Sport fishing is very popular and Skiatook Lake has several annual fishing tournaments. Largemouth, smallmouth and striped bass, black and white crappie, channel catfish, and several species of sunfish, or lake perch, are plentiful."

White-tail deer, rabbit, squirrel, opossum, raccoon, quail, dove and many more bird species are plentiful around the lake. Bald eagles are commonly observed. Coyote, red fox, gray fox and bobcat are also present.

About 1,800 acres (7.3 km²) of land around the lake have been set aside for public use areas. These areas provide roads, parking spaces, boat ramps, nature trails, picnicking and camping sites along with sanitary facilities. There are several places open to camping, including Tall Chief Cove, Bull Creek and Twin Points campgrounds.

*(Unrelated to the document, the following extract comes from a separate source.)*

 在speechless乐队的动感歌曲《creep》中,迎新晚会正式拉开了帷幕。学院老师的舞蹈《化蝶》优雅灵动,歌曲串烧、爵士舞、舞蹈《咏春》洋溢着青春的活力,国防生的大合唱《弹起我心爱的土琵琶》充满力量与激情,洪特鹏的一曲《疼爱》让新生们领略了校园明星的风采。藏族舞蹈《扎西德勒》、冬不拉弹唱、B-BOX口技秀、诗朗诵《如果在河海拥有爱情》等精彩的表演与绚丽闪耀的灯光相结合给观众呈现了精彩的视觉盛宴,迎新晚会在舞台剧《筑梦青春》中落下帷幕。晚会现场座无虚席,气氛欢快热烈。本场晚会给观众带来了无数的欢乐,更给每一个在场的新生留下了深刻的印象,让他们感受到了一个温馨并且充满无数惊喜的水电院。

Other parks on the lake include Blackdog Park, Osage Park, Quapaw Park, Hominy Landing and Skiatook Point.

John Zink Boy Scout camp is located along the southern shores of Skiatook Lake.

==Events==
There are several annual events held on Skiatook Lake, including many fishing tournaments. In July, the annual "Fantasy in the Sky" celebration is held at the airport (was at Tall Chief Cove), attracting around 35,000 people from all over Oklahoma. It features live concerts and fireworks at dusk, set to music. The Skiatook Chamber of Commerce also sponsors many events on the lake.

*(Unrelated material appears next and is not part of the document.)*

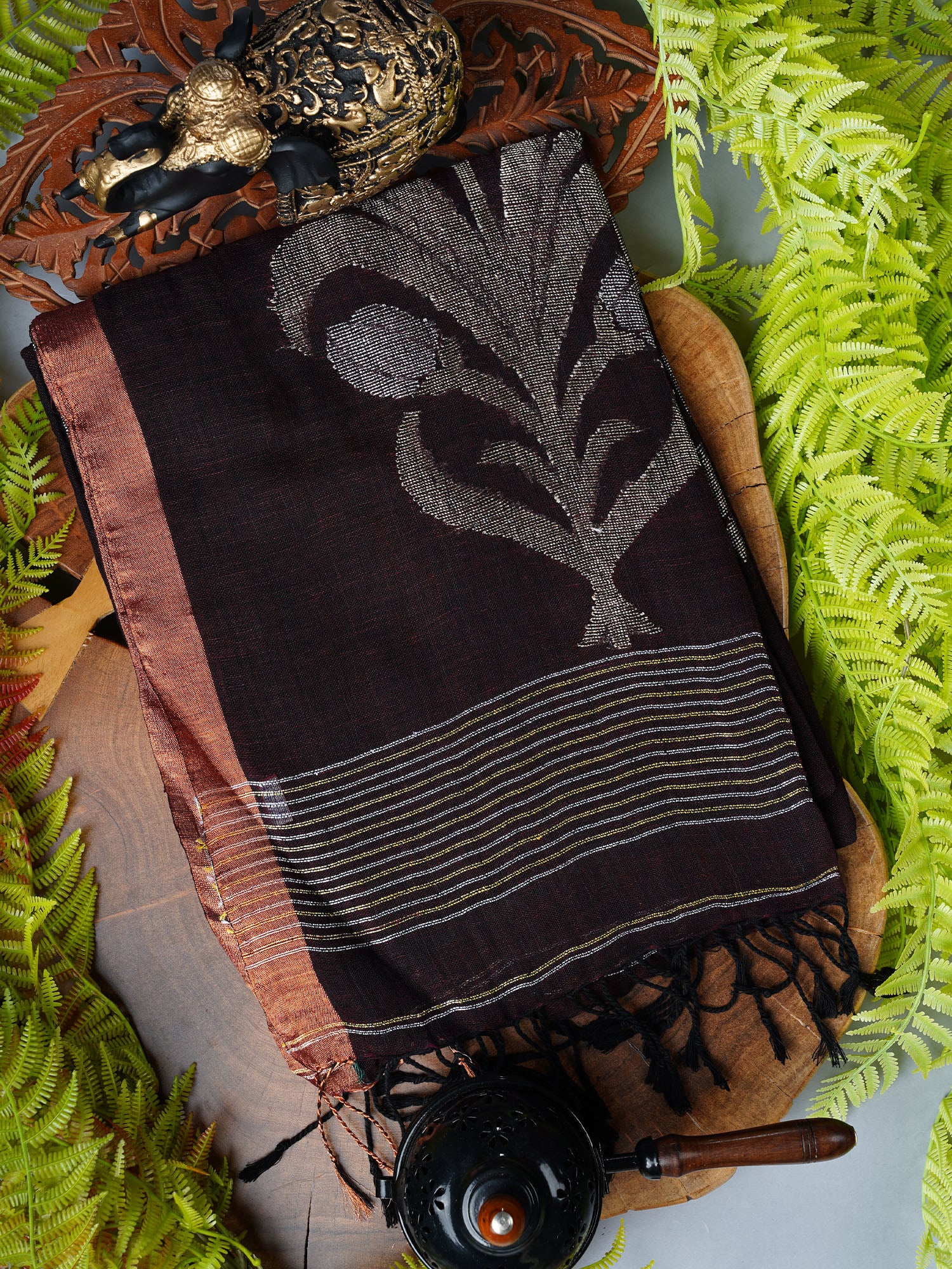Elevate your ethnic wardrobe with this stunning wine-hued saree that blends comfort with glamour. Crafted from a breathable linen-cotton blend,...

==Wildlife Management Area==
The Skiatook Wildlife Management Area (WMA) encompasses about 5000 acres of land around the upper end of the lake, including about 1800 acres of water. The WMA is administered by the Oklahoma Department of Wildlife Conservation.

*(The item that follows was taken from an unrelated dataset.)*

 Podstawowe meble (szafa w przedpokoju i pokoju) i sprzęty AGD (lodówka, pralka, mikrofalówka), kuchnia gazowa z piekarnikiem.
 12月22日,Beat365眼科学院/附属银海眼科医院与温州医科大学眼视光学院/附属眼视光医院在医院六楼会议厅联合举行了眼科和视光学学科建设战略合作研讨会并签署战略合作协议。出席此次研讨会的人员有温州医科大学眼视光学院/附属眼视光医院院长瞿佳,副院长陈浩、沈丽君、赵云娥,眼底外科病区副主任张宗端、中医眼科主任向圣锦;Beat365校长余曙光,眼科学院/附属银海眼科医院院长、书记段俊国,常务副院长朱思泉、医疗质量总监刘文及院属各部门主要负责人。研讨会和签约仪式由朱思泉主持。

==CrossTimbers Resort and the National Federal Demonstration Lakes Program==
Skiatook Lake was one of 31 federally-managed reservoirs selected to participate in a National Federal Demonstration Lakes program in response a report of the National Recreation Lakes Study Commission created by Congress and appointed by President Clinton in 1998. The district recommended Skiatook Lake for inclusion in the national demonstration program because of its undeveloped recreation potential. Through the program, the district sought to identify sponsors who would be willing to make financial investments to bring new and improved recreation opportunities to the lake. In 2003 the Corps entered into a multi-year no-cost public parks and recreation lease with the Skiatook Economic Development Authority (SEDA) for implementation of a development plan for 700 acres of public land in the Tall Chief Cove and Skiatook Point areas. Through sub-leases, SEDA has developed an area known as CrossTimbers Marina and Resort. As of 2016 amenities included a commercial marina with 450 slips, boat sales, rental and repair services, rental cabins, a restaurant, The Springs Event Center and an improved overlook area. The lease also includes plans for development of a golf course and additional public camping and RV facilities at Skiatook Point.